I recently read an article that stated that 78% of Americans live paycheck to paycheck. 78%!

That means 78% of people couldn’t make ends meet for more than a few weeks if they lost their job. That’s eye opening to me. My husband and I have been following Dave Ramsey’s baby steps for a little over a year. If you are unfamiliar with Dave Ramsey, he teaches people how to create a budget, pay off debt and build wealth. This can be achieved by following his baby steps. Baby step 1 is to save $1000 for an emergency fund, which is so important to help prepare for unexpected expenses.

Dave talks about the law of Murphy: that is if something can go wrong, it will. It is not intended to be negative, but it is just a fact that is better to be prepared for. Cars need repair, appliances break, unexpected emergency room visits etc. One way we prepare for an unexpected expense is to have an emergency fund. This is money that is easily accessible when an emergency arises. We have ours in a savings account that can be transferred to our checking account whenever we need it. If you are finding yourself transferring money to cover bills or because of overspending, it may be better to have it in a completely separate savings account. That way is is still easily accessible, but it is a little bit more work to get to.

Recently, we had to put $900 into our SUV and then a couple of weeks later, we had to take it back to the shop and ended up spending another $300. It was a stressful situation, but it would have been much more stressful if we wouldn’t have had the means to pay for it. Could we have used a credit card? absolutely! But, we are trying to break the cycle and dig our way out of debt. Having an emergency fund lessens the stress of knowing we aren’t going more into debt to cover expenses. Whenever we use any money from our emergency fund, we make sure we put it bring it back up to $1000 before paying extra on any debt or making any large, unnecessary purchases.

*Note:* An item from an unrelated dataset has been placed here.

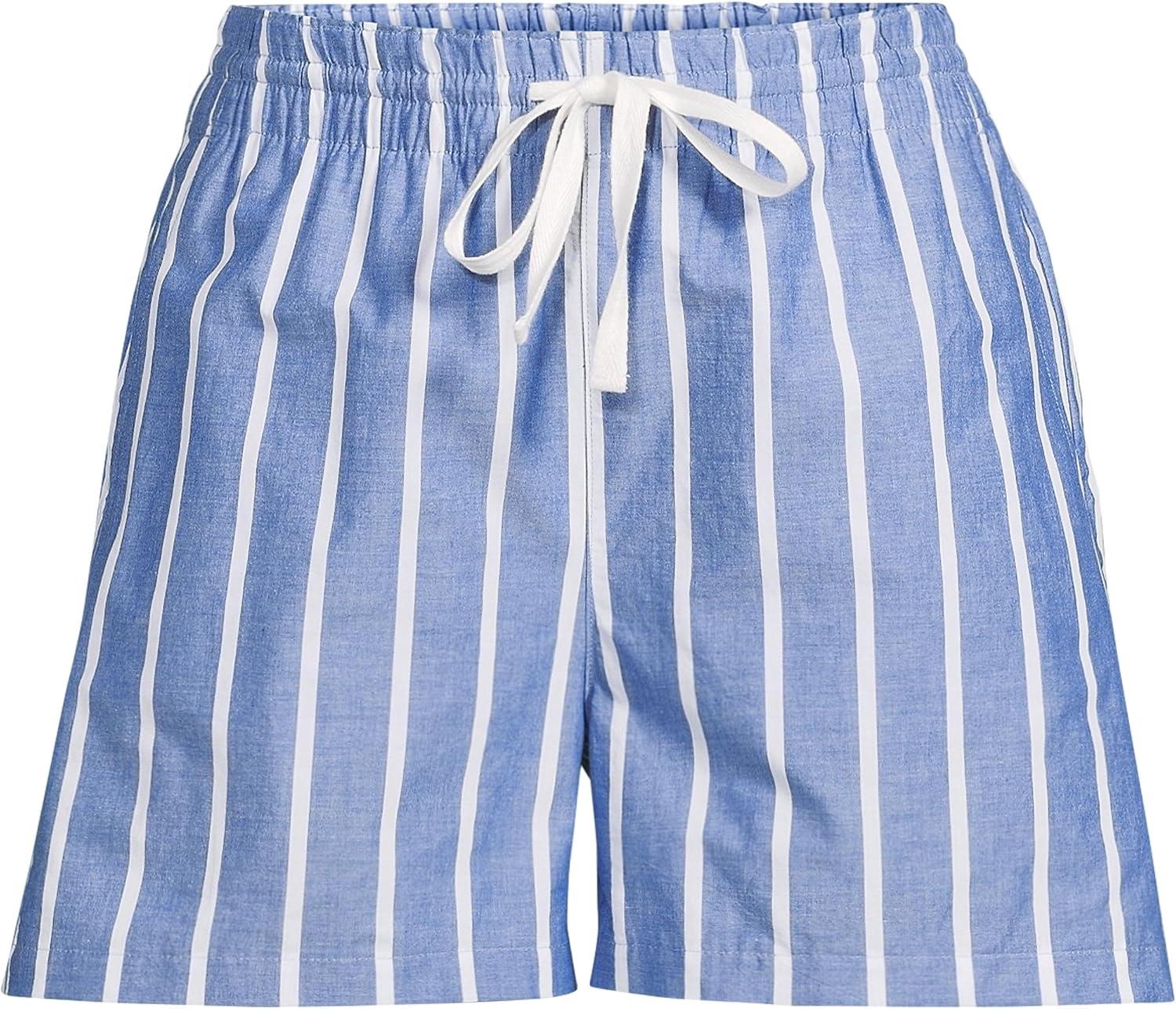 Lands’ End Women’s Poplin High Rise Pull On 5″ Shorts(Sapphire Gem Blue Broad Stripe)

Another way to prepare for an “unexpected” expense is to have a slush fund. A slush fund is a savings account (separate from an emergency fund) used to save for a specific thing. For example, we have a slush fund for Christmas gifts, car insurance (we pay every 6 months) and our upcoming Disney trip. Every paycheck, or every month we put a specific amount of money into those accounts to slowly save for each.  A slush fund could easily be used for car repairs. You may not know exactly when a car will need a repair, but if you set a small amount of money aside each month, it will be there when repairs are needed.